Source records below:

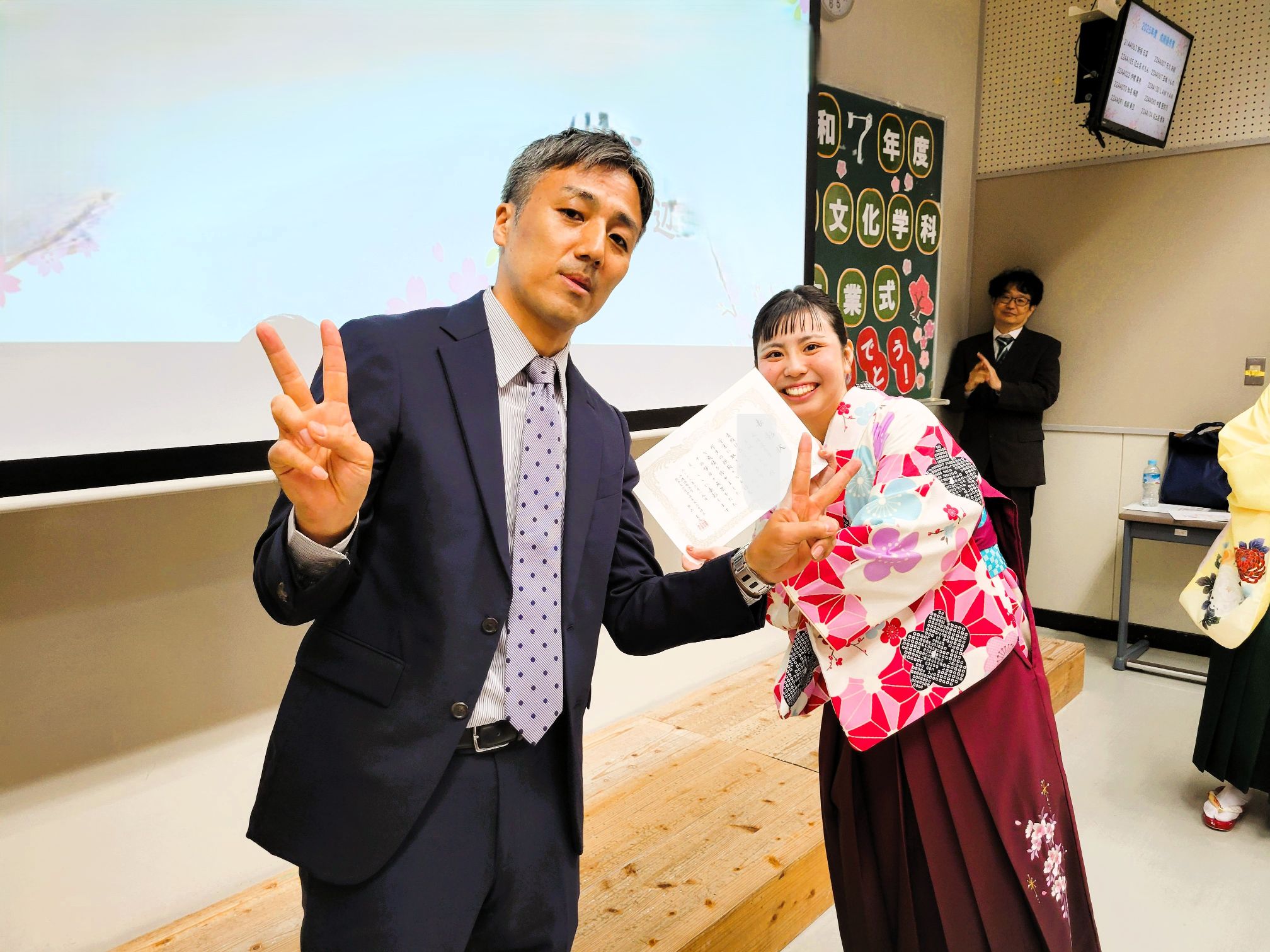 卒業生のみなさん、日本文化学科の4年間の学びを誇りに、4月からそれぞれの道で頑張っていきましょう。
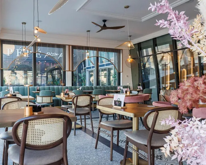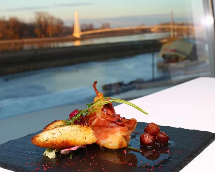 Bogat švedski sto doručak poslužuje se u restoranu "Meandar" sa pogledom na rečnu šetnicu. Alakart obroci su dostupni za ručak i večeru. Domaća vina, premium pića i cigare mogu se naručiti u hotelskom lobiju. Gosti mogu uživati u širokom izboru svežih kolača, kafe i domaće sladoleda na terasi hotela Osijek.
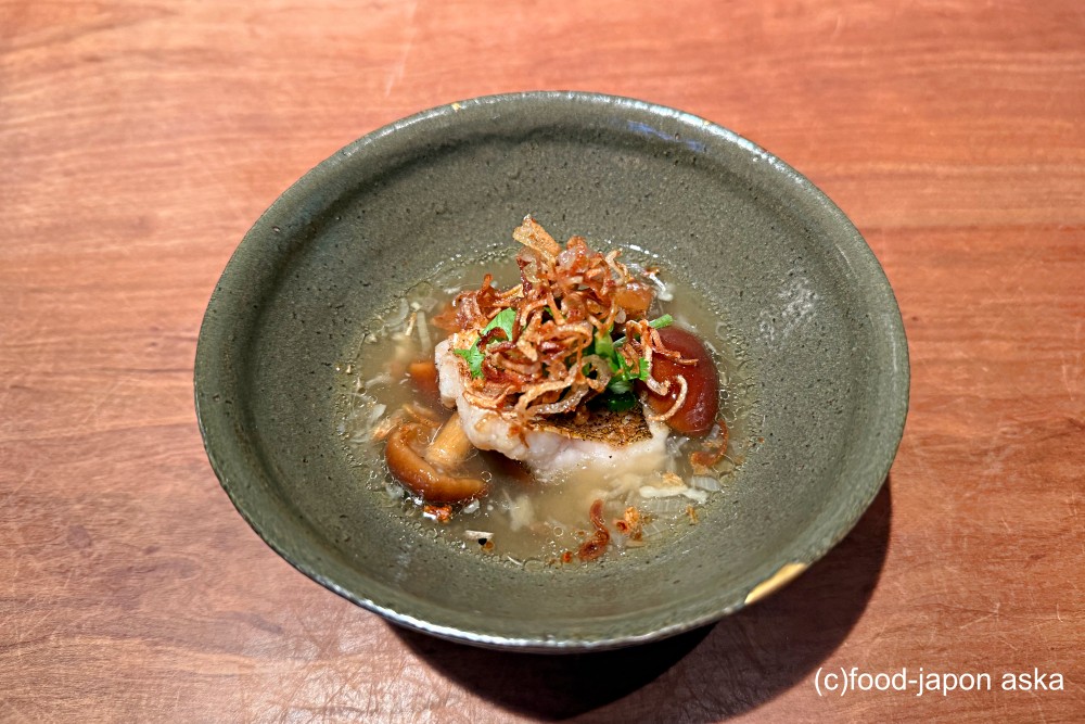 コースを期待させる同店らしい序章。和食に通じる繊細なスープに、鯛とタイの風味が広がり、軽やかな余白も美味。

End of Source records.
Source records below:

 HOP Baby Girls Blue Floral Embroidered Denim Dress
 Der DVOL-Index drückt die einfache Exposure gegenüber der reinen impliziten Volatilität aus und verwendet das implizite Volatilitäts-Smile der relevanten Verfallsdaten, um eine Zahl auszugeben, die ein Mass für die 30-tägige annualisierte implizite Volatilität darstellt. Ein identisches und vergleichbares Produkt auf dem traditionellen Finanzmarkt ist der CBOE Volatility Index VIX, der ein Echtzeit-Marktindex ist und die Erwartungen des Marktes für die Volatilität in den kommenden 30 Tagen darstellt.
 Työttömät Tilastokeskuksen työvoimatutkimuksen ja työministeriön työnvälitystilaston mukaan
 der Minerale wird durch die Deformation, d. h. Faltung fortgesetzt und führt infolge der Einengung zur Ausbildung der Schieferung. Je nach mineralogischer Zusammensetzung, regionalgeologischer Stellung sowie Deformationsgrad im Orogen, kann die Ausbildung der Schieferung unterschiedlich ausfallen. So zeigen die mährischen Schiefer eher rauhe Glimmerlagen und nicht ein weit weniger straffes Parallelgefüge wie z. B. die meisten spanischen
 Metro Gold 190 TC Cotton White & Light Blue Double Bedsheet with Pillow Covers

End of Source records.
Source records below:

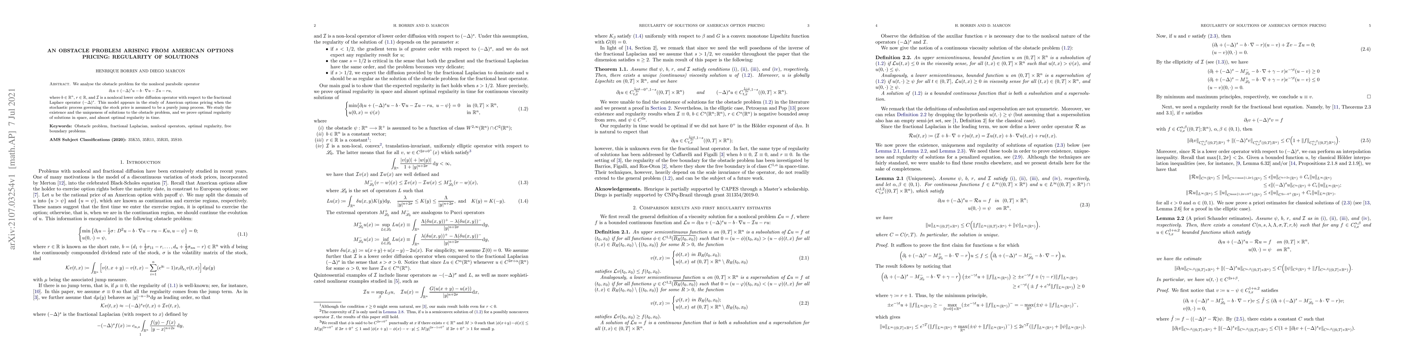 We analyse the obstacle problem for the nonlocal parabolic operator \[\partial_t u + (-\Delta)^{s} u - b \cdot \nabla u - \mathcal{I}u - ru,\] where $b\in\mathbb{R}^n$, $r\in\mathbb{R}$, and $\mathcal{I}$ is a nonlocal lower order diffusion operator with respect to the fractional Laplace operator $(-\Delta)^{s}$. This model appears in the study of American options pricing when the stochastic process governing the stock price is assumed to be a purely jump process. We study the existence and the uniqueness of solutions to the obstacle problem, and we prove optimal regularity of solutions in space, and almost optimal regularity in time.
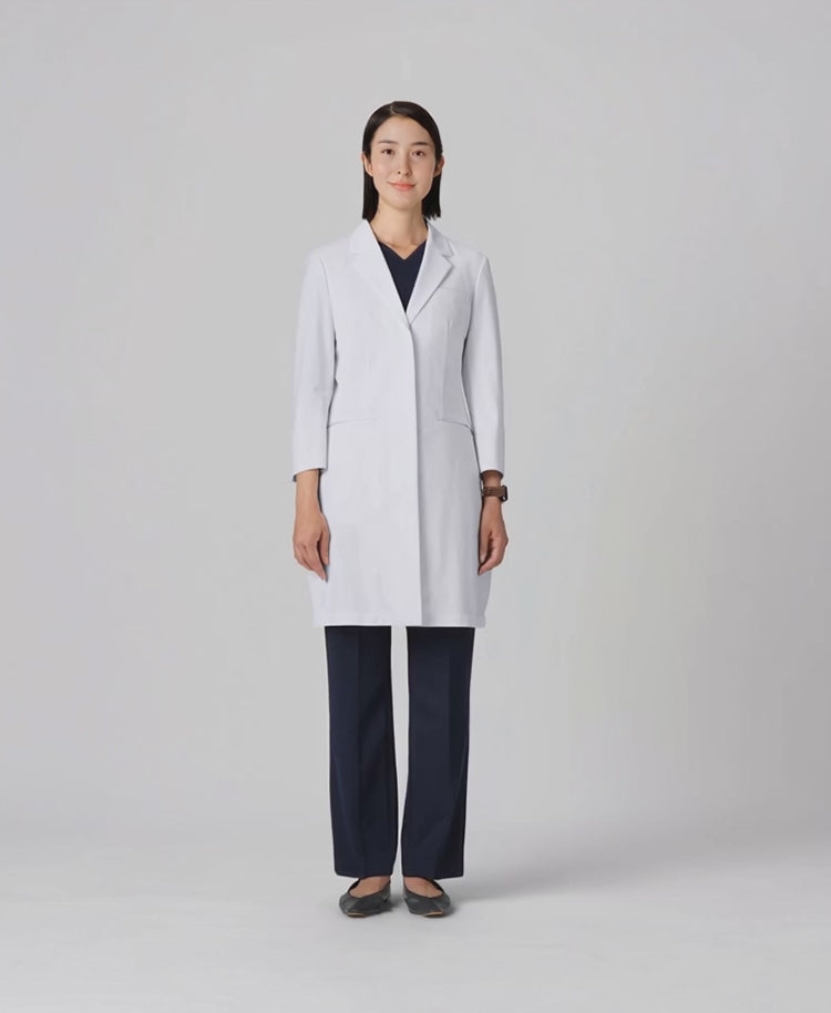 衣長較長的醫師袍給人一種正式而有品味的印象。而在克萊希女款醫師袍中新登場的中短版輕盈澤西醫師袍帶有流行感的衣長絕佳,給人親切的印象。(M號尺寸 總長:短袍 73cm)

End of Source records.

### Requirement
Nothing but the lines above from the one that has "卒業生のみなさん、日本文化学" down to the one that has "コースを期待させる同店らしい" belongs in the answer, copied exactly, without pictures.

### Exercise output
 卒業生のみなさん、日本文化学科の4年間の学びを誇りに、4月からそれぞれの道で頑張っていきましょう。
 Bogat švedski sto doručak poslužuje se u restoranu "Meandar" sa pogledom na rečnu šetnicu. Alakart obroci su dostupni za ručak i večeru. Domaća vina, premium pića i cigare mogu se naručiti u hotelskom lobiju. Gosti mogu uživati u širokom izboru svežih kolača, kafe i domaće sladoleda na terasi hotela Osijek.
 コースを期待させる同店らしい序章。和食に通じる繊細なスープに、鯛とタイの風味が広がり、軽やかな余白も美味。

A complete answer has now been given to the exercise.